The third visualization displays the proportion of correct versus not correct responses across learning cycles using a stacked bar chart. This format emphasizes relative proportions and makes group comparisons intuitive.

Figure 3 shows an increasing proportion of correct responses across cycles for both groups. Healthy Controls reach a higher proportion of correct responses earlier, while People with Aphasia show more gradual improvement. Because each bar sums to 100%, this visualization makes it easy to compare accuracy patterns across cycles without being influenced by differences in raw counts.

## [**Conclusion and Discussion**]{.underline}

Across all visualizations, a consistent pattern emerges: recognition accuracy improves across learning cycles for both groups, but Healthy Controls outperform People with Aphasia at each stage. The combination of visualizations reveals complementary insights. Mean based plots highlight overall trends, distributional plots expose individual variability, and proportional charts clarify group differences in correctness.

This data bolsters the fact that with repeated exposure to a word, it becomes easier for the brain to retain in healthy individuals, but also in people who have neurological conditions as well.

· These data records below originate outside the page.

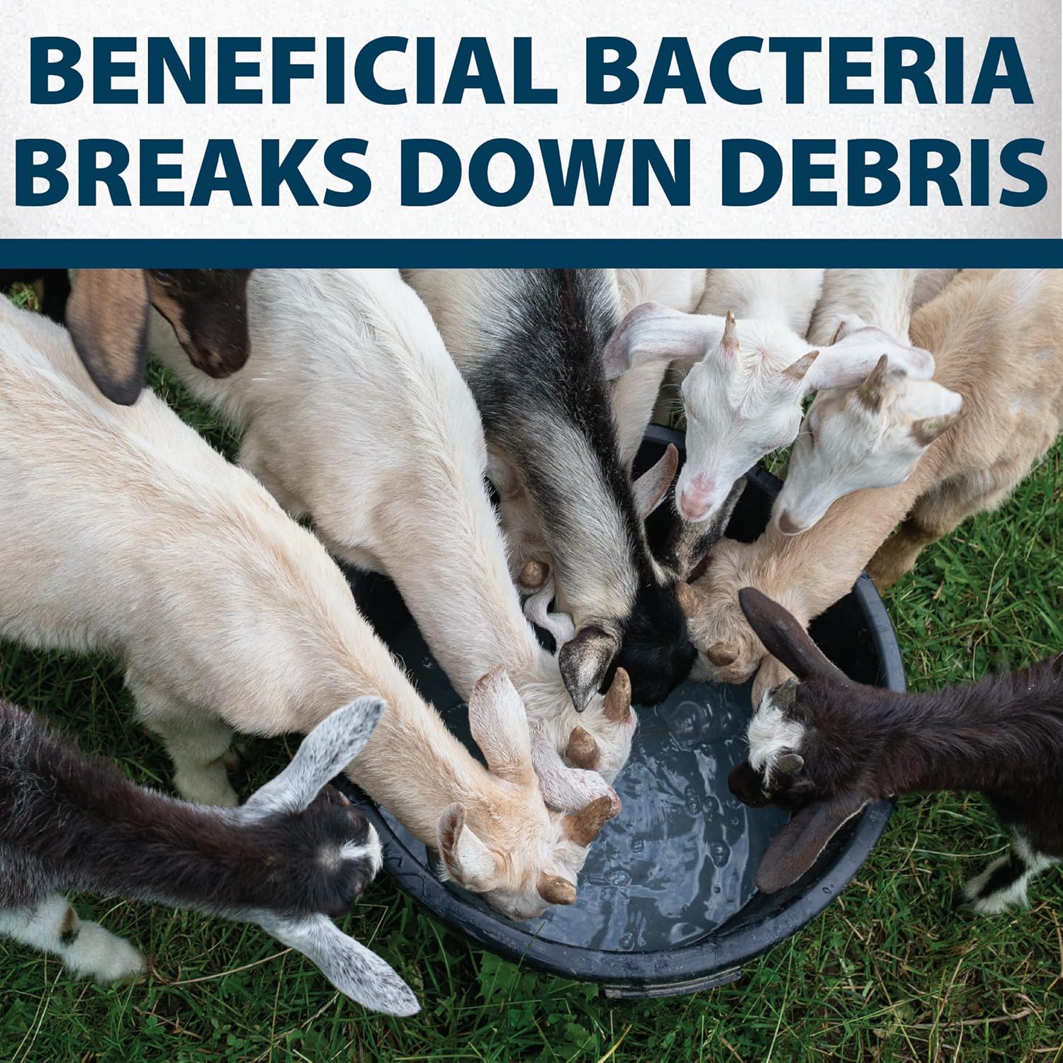 - Bacteria Treatment Breaks Down Organic Debris -- Beneficial bacteria and enzymes remove debris, maintaining clear waters for animals to drink. Apply tablets when water temperatures are above 50°F.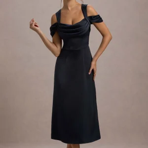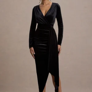 Arcadia | Vestido midi de terciopelo negro drapeado con mangas largas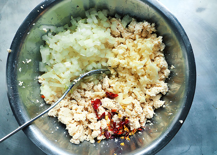 Tofu, Zwiebel, Ingwer, Chili und Schüssel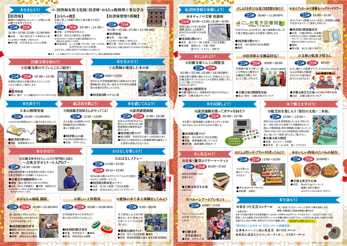 西尾市岩瀬文庫と西尾市立図書館を会場にして、“本”をテーマにした様々な催しが満載!

These visualizations are particularly useful because they make abstract numerical patterns visible and easy to digest and interpret. Overall, this project demonstrates how quantitative visualization techniques can be used to explore learning and recognition patterns in linguistic data in a clear and meaningful way.

These visualizations support the study's conclusion that recognition based measurement provide a more informative assessment of novel word learning in individuals with aphasia. Although we are not provided more information on lesion location or type of aphasia, the overall data reflects a meaningful pattern in learning performance.